Data excerpts below:

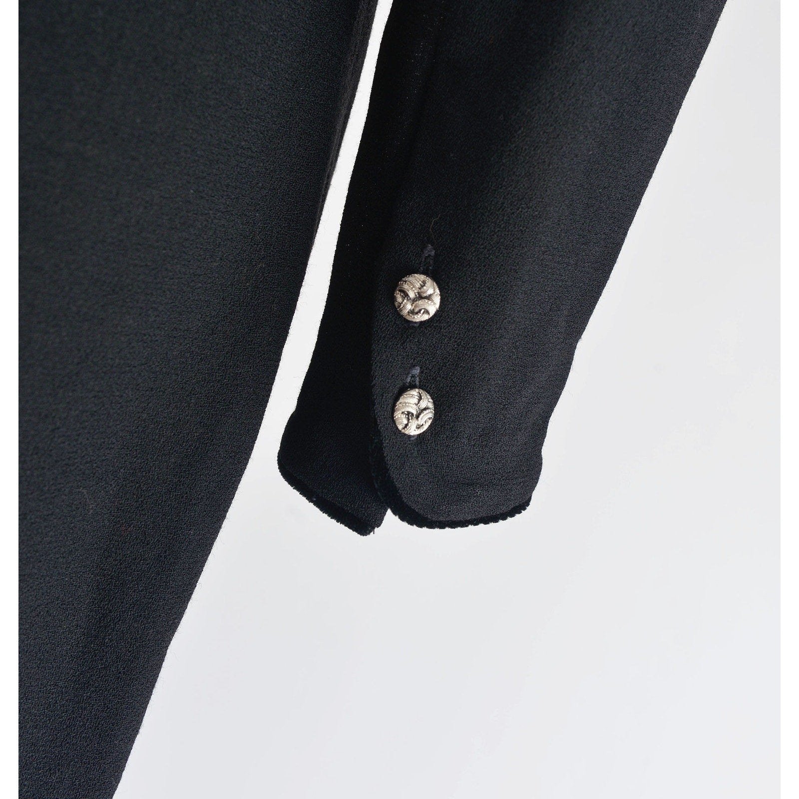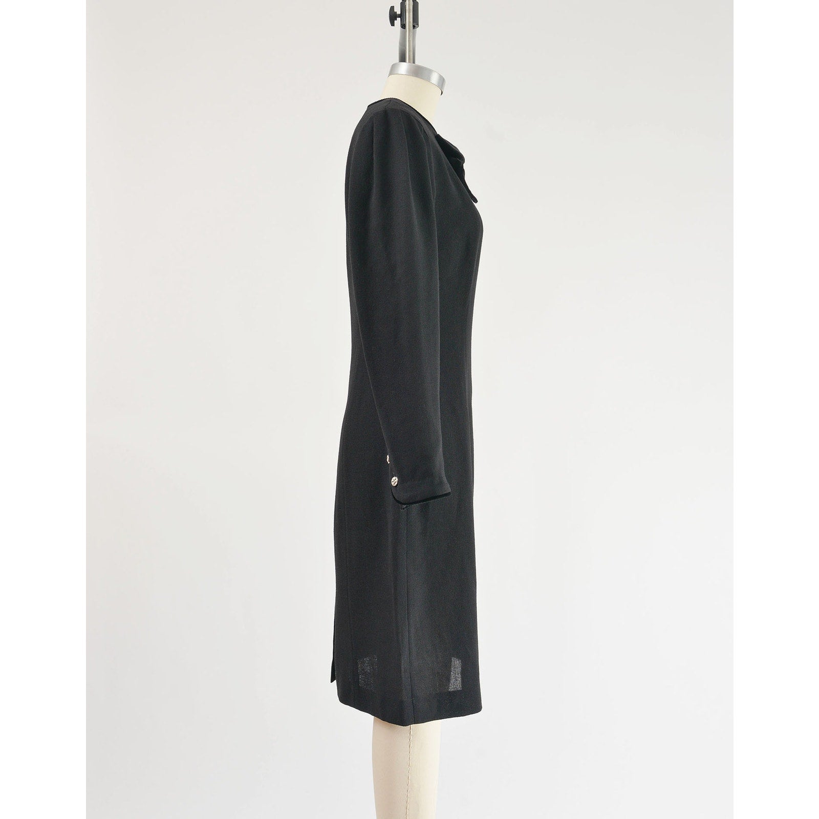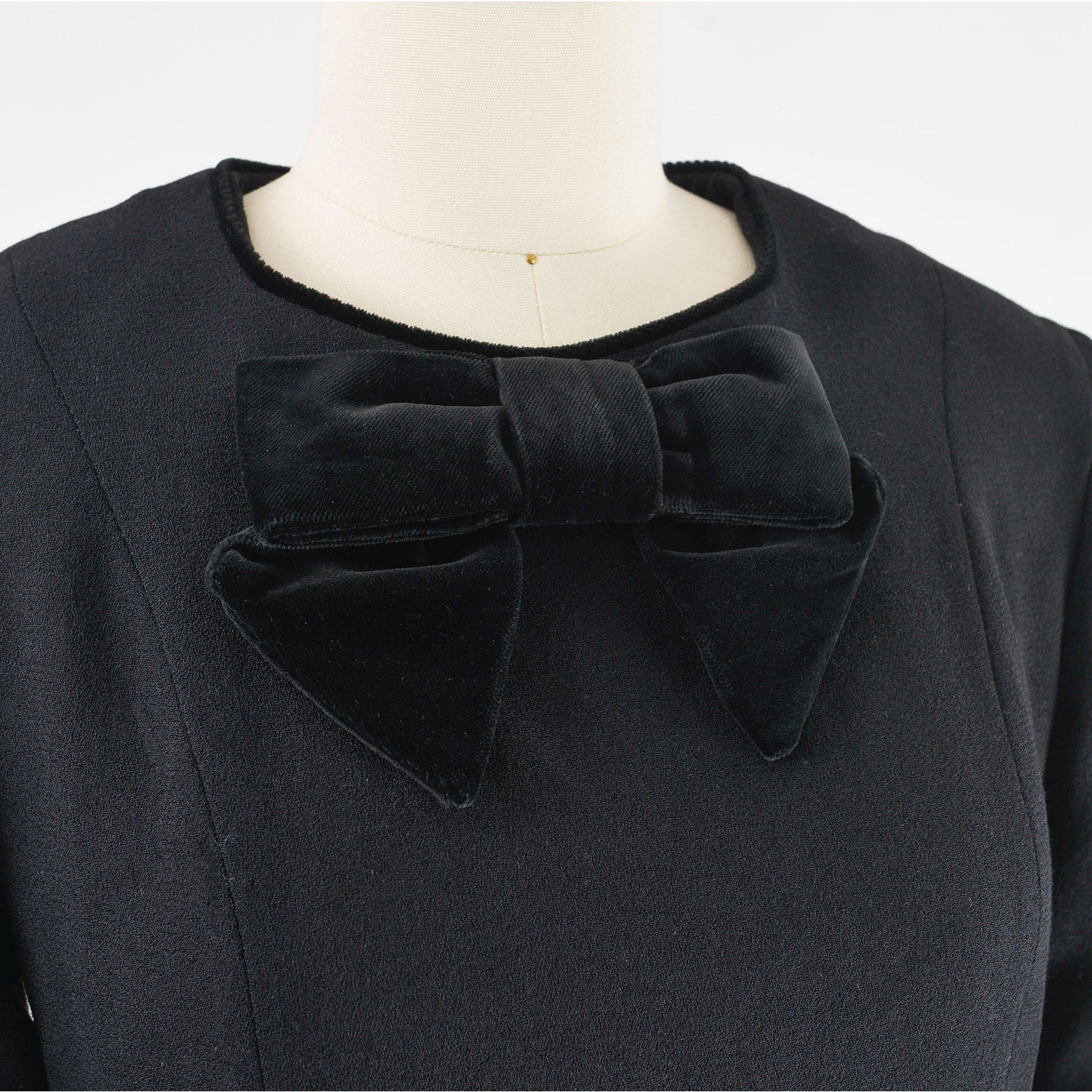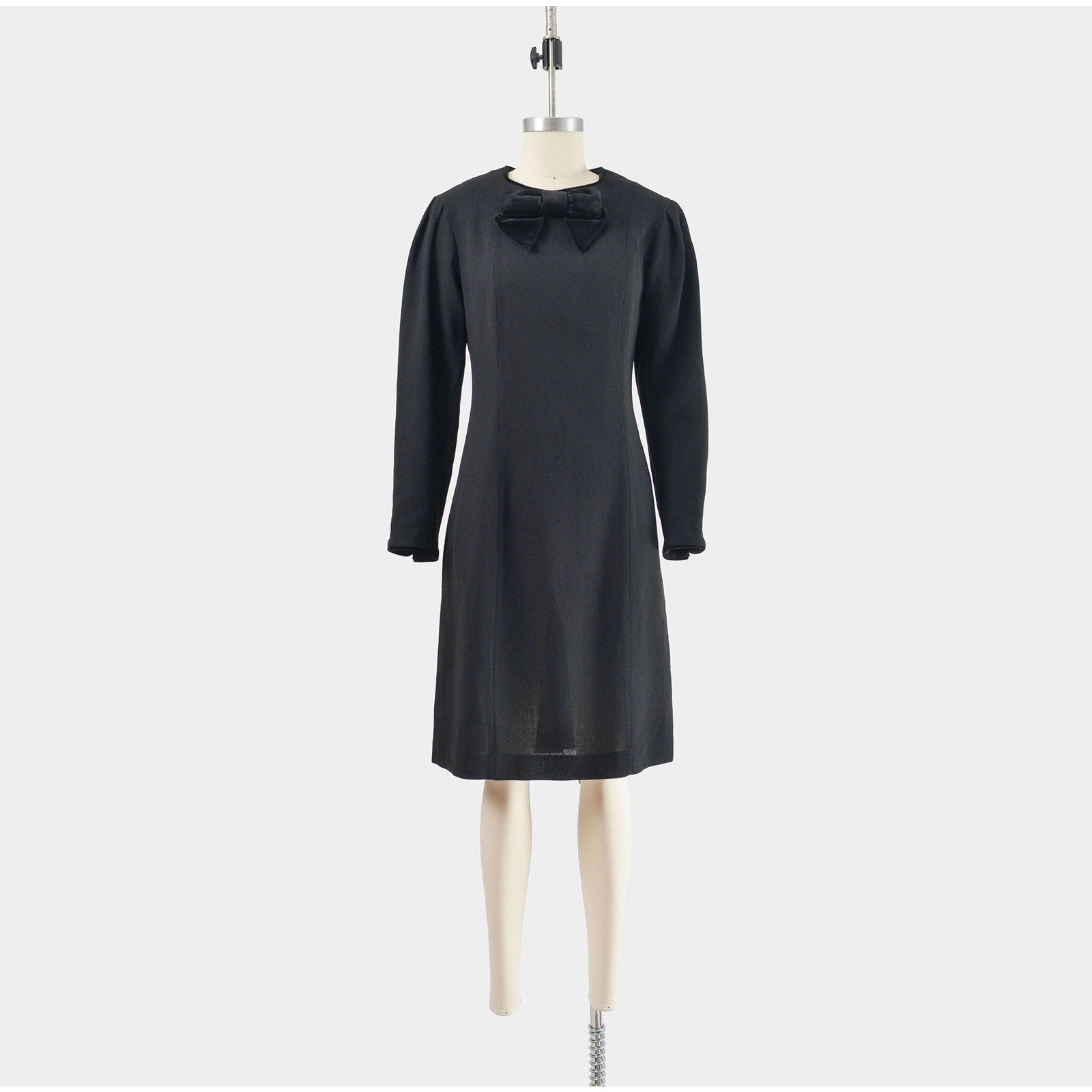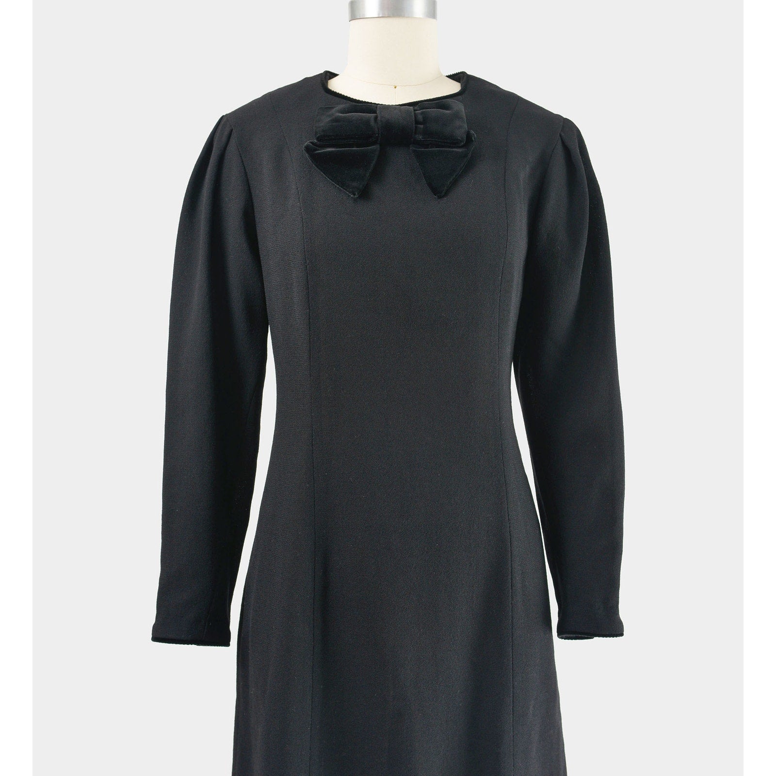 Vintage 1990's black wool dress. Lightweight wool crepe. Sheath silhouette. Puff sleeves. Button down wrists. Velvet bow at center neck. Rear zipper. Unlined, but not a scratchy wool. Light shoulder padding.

End of Data excerpts.
Data excerpts below:

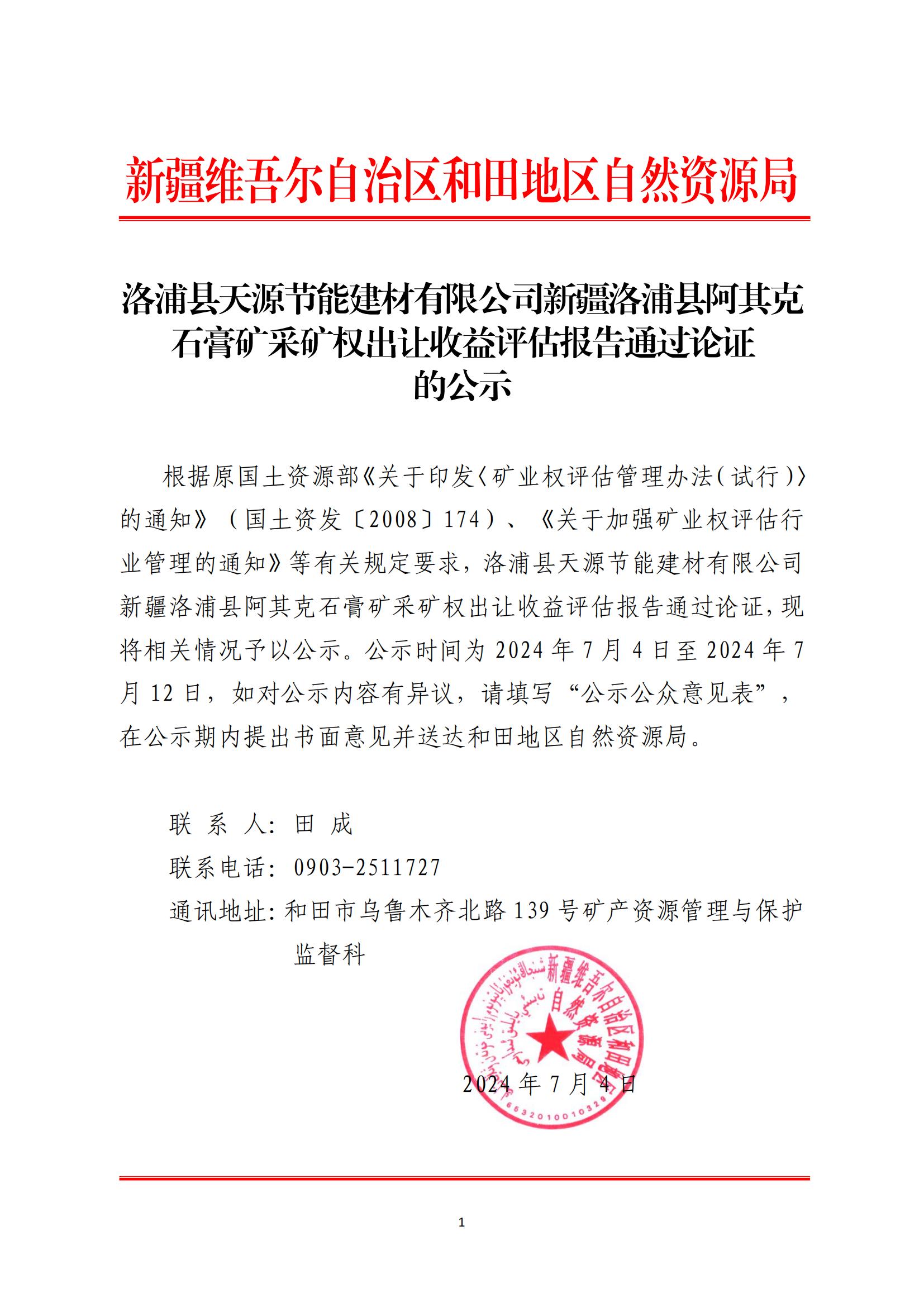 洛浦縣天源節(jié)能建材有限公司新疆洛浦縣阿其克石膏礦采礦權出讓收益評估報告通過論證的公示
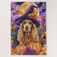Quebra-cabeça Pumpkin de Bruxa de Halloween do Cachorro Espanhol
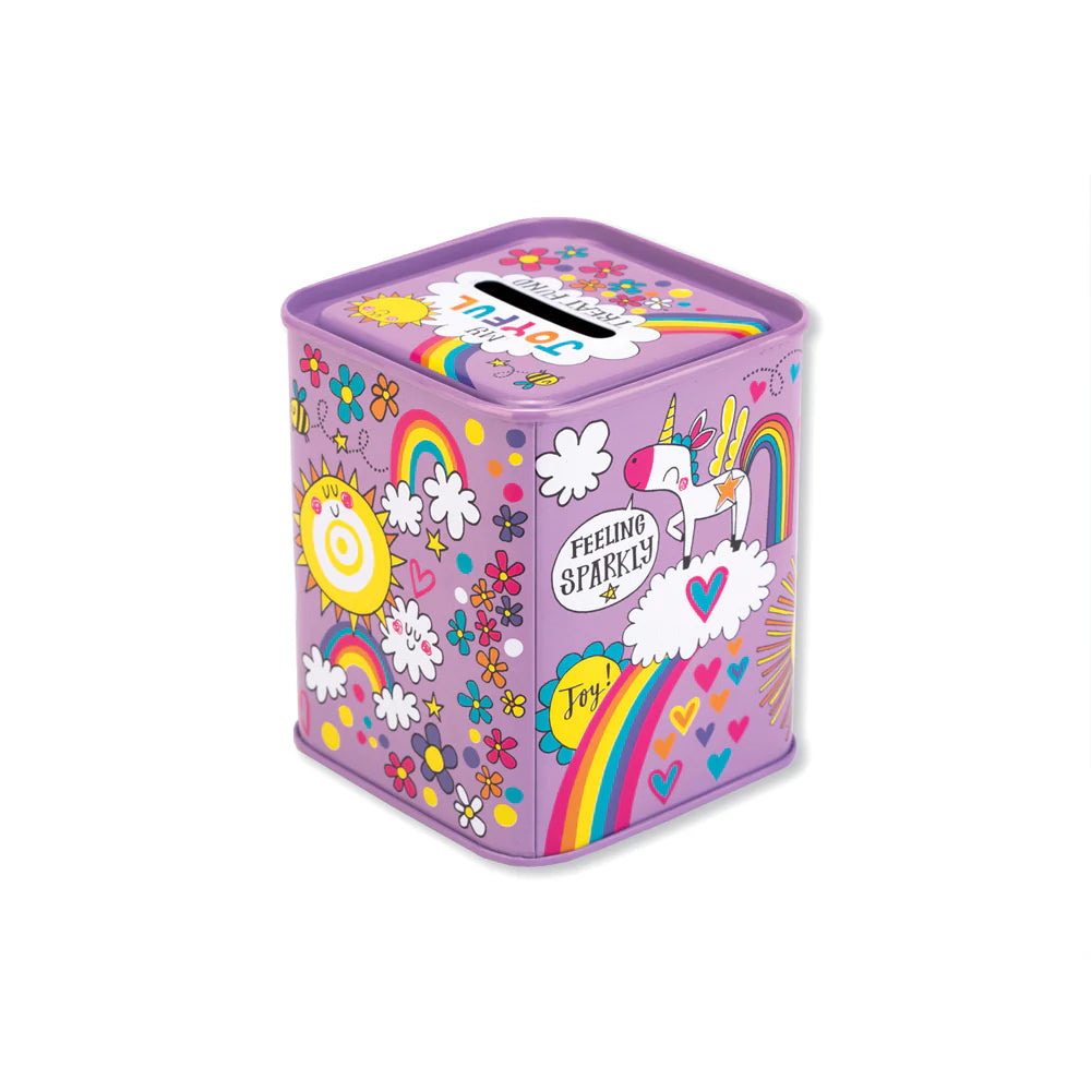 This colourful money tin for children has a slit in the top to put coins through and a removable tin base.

End of Data excerpts.

From the records above, quote word for word only the lines beginning at the line that has "洛浦縣天源節(jié)能建材" and stopping after the line that has "This colourful money". Omit the pictures.

 洛浦縣天源節(jié)能建材有限公司新疆洛浦縣阿其克石膏礦采礦權出讓收益評估報告通過論證的公示
Quebra-cabeça Pumpkin de Bruxa de Halloween do Cachorro Espanhol
 This colourful money tin for children has a slit in the top to put coins through and a removable tin base.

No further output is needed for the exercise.